BEGIN Working data

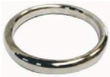
OVAL RING RTJ
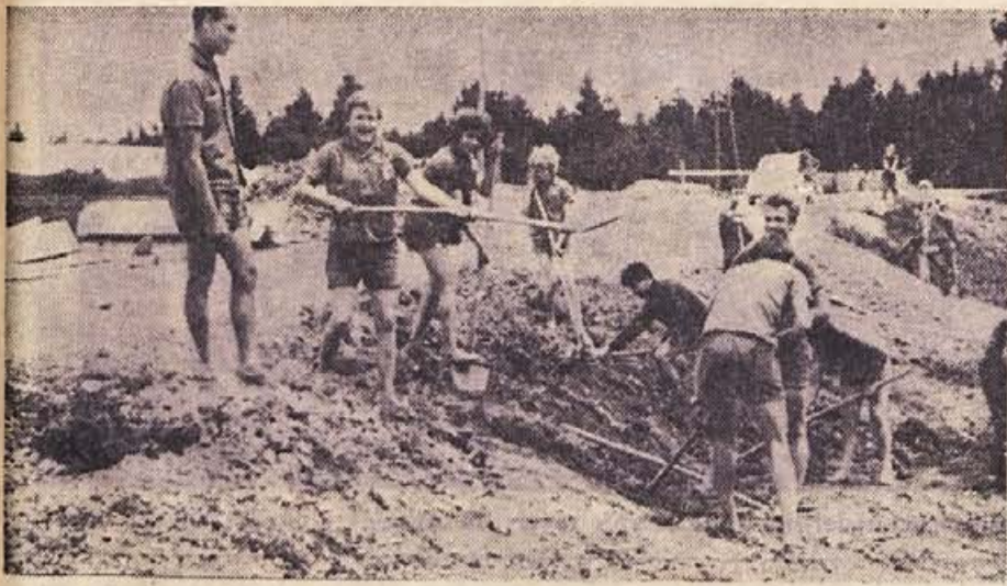
Belokranjski brigadirji na cesti med Gradcem in Podzemljem
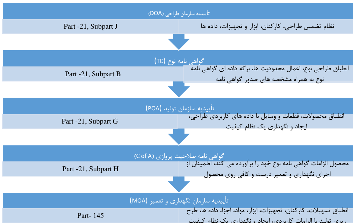
شکل ۱: نقش استانداردها و گواهی‌نامه‌های مختلف برای عملکرد ایمن یک وسیله پرنده مبتنی بر مقررات CAO.IRI

از میان ۱۹ ضمیمه منتشرشده، ضمیمه ۸ به بحث صلاحیت پروازی می‌پردازد. وزارت دفاع انگلستان تعریف گسترده‌ای از صلاحیت پروازی ارائه می‌کند: "توانایی وسیله پرنده یا سایر تجهیزات یا سامانه‌های هوانوردی به‌منظور کارکرد بدون خطر جدی برای خدمه هوایی، خدمه زمینی، مسافران یا عموم مردمی که این سامانه‌ها روی سر آن‌ها پرواز می‌کنند" [۲۳] . استانداردهای صلاحیت پروازی شامل استانداردهای فنی در تمامی جنبه‌های طراحی، فناوری، نگهداری و تعمیر و همچنین استانداردهای ایمنی وسیله پرنده هستند تا بتوان از پیاده‌سازی صلاحیت پروازی وسایل پرنده اطمینان حاصل کرد. طبق تعریف اداره هوانوردی فدرال (FAA) ۳۵ ایالات متحده، اصطلاح "صلاحیت پروازی" به شرایطی گفته می‌شود که در آن وسیله پرنده ضمن
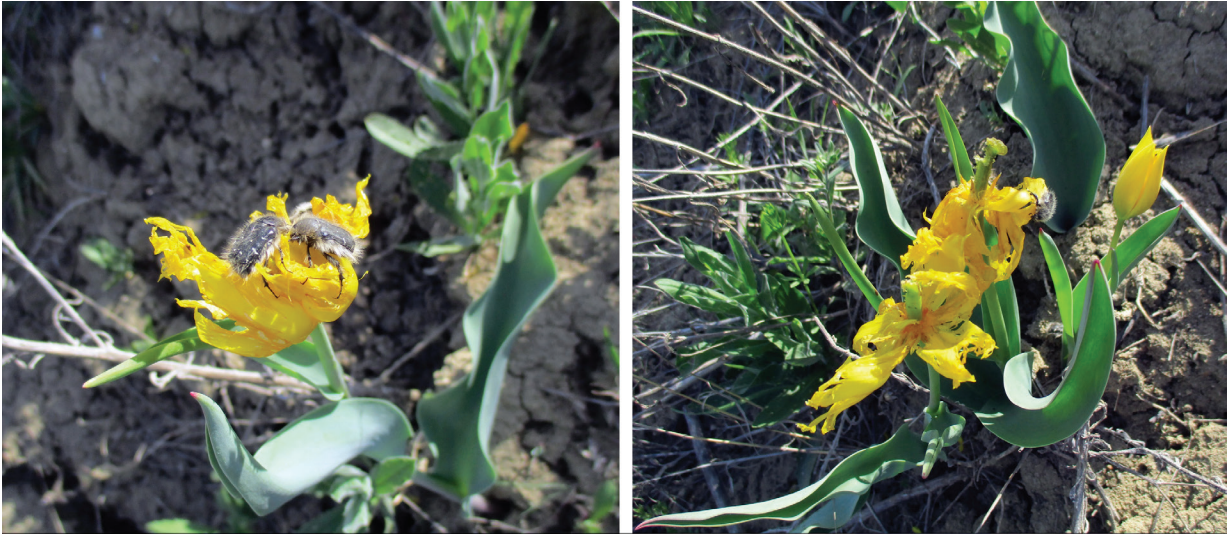
Рис. 1. Рослини Tulipa suaveolens , пошкоджені Tropinota hirta (21.04.2018)

END Working data

▶ [Your goal] The lines running from the beginning of the listing above through the line that holds "شکل ۱: نقش استانداردها" are to be duplicated exactly, both ends kept, pictures omitted.

▶ [Exercise solution]
OVAL RING RTJ
Belokranjski brigadirji na cesti med Gradcem in Podzemljem
شکل ۱: نقش استانداردها و گواهی‌نامه‌های مختلف برای عملکرد ایمن یک وسیله پرنده مبتنی بر مقررات CAO.IRI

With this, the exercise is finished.